Vous les avez peut-être déjà aperçus avec leur panneau « free tour » devant la Cathédrale, leur casquette et leurs voix qui portent : quelques guides organisent depuis plus de quatre ans des visites de la vieille ville de Strasbourg. Il s’agit du « Happy Tour », fondé par le trentenaire Gabriel Wetzer et dont Rue89 Strasbourg avait suivi les débuts. Le concept ? Aucune réservation, aucun engagement, les amateurs peuvent se joindre au groupe quand ils le veulent et en repartir de la même manière.

Ainsi en haute saison, rendez-vous au coin de la rue Mercière, tous les jours à 14h30 pour le « original tour » de près de deux heures, en anglais. Pour la version française, rendez-vous les week-ends. Ce tour s’appelle « original », car c’est celui qu’a composé Gabriel à ses débuts, quand le happy tour, c’était lui tout seul, 6 jours sur 7 :

« J’ai commencé à faire cela pour le plaisir, pour mes amis, mes connaissances, et j’ai fini par le faire professionnellement, avec le statut d’auto-entrepreneur. J’ai démarré à la fin du mois de novembre 2013. »

L’original tour passe par la Cathédrale, la Neustadt avec la place de la République et la place Kléber. « La base », selon Gabriel. Depuis, cela marche tellement bien que Gabriel a dû recruter du monde : avec lui, Gustave et deux autres guides, tous passionnés par l’histoire de la ville et surtout, tous anglophones. Au fur et à mesure se sont rajoutés d’autres tours à la carte, comme le « Petite-France Tour », « l’Absolut Tour », et même des « secret tours », où l’itinéraire et le thème ne sont dévoilés qu’au dernier moment…

Depuis 4 ans, les free tours attirent nombre de jeunes touristes qui veulent découvrir la ville autrement (Photo Vincent Fischer / Happy Tour)
Depuis 4 ans, les free tours attirent nombre de jeunes touristes qui veulent découvrir la ville d’une manière plus conviviale (Photo Vincent Fischer / Happy Tour)

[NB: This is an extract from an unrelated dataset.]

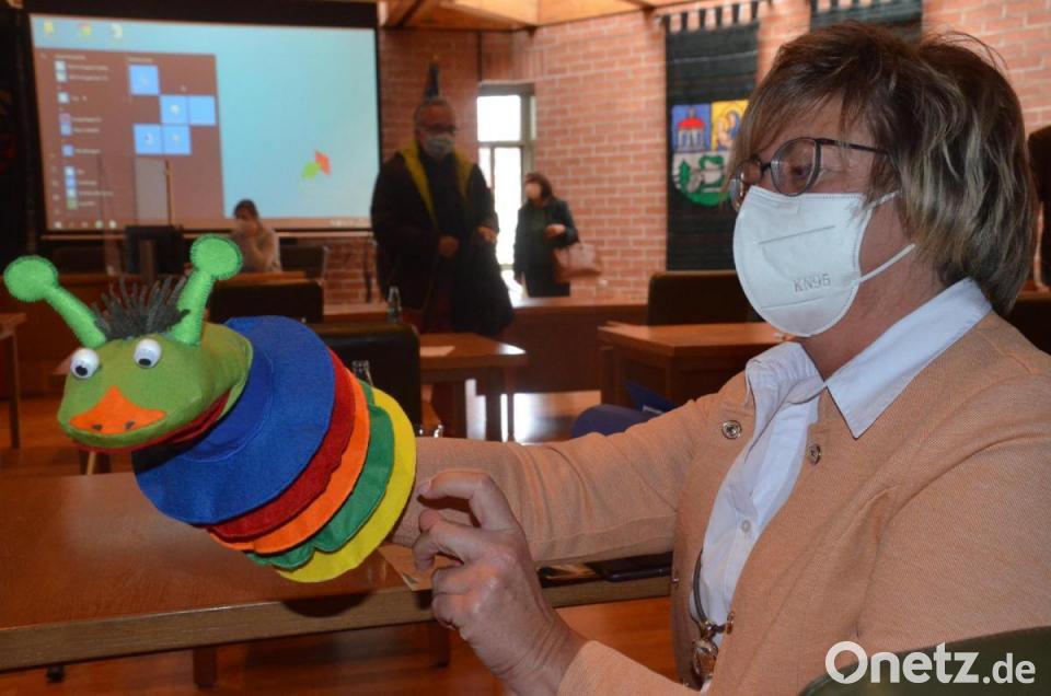 Die Plüsch-Raupe wurde von Theresa Fischer in Handarbeit hergestellt. Sie arbeitet in der Kinder- und Jugendabteilung der Regionalbibliothek. Seit Februar laufe das Leseprojekt „Regibert weckt die schlafenden Bücher“. Noch bis zum 22. April können sich Schüler der Grund- und Mittelschulen durch das Raupen-Projekt lesen. Während die Literaturtage abgeblasen wurden - "Lesungen funktionieren nur live" - und es dieses Programm voraussichtlich erst 2022 wieder gibt, werde der digitale "Regibert" aktuell durchgezogen, sagte Guhl.

Derrière les « free tours », une petite entreprise

Derrière cette apparence artisanale et d’improvisation, c’est donc une véritable petite entreprise qui s’est montée. Sous l’ombrelle « happy tour », il y a les quatre guides, tous auto-entrepreneurs, qui s’organisent et se partagent le travail.

Car au début de chaque visite, il est clairement indiqué aux participants que les guides vivent des « pourboires. » Ces sommes versées à la fin des tours constituent le revenu exclusif de Gabriel. Il « préfère ne pas donner de chiffres » sur son revenu exact, mais il est limité par le plafond annuel d’auto-entrepreneur de 32 600€. Il précise :

« Moi j’arrive à en vivre car je ne fais que ça mais les autres cumulent deux jobs. C’est tout à fait légal, je déclare mes pourboires comme revenus, il n’y a pas de trace écrite mais bon, c’est comme ça ».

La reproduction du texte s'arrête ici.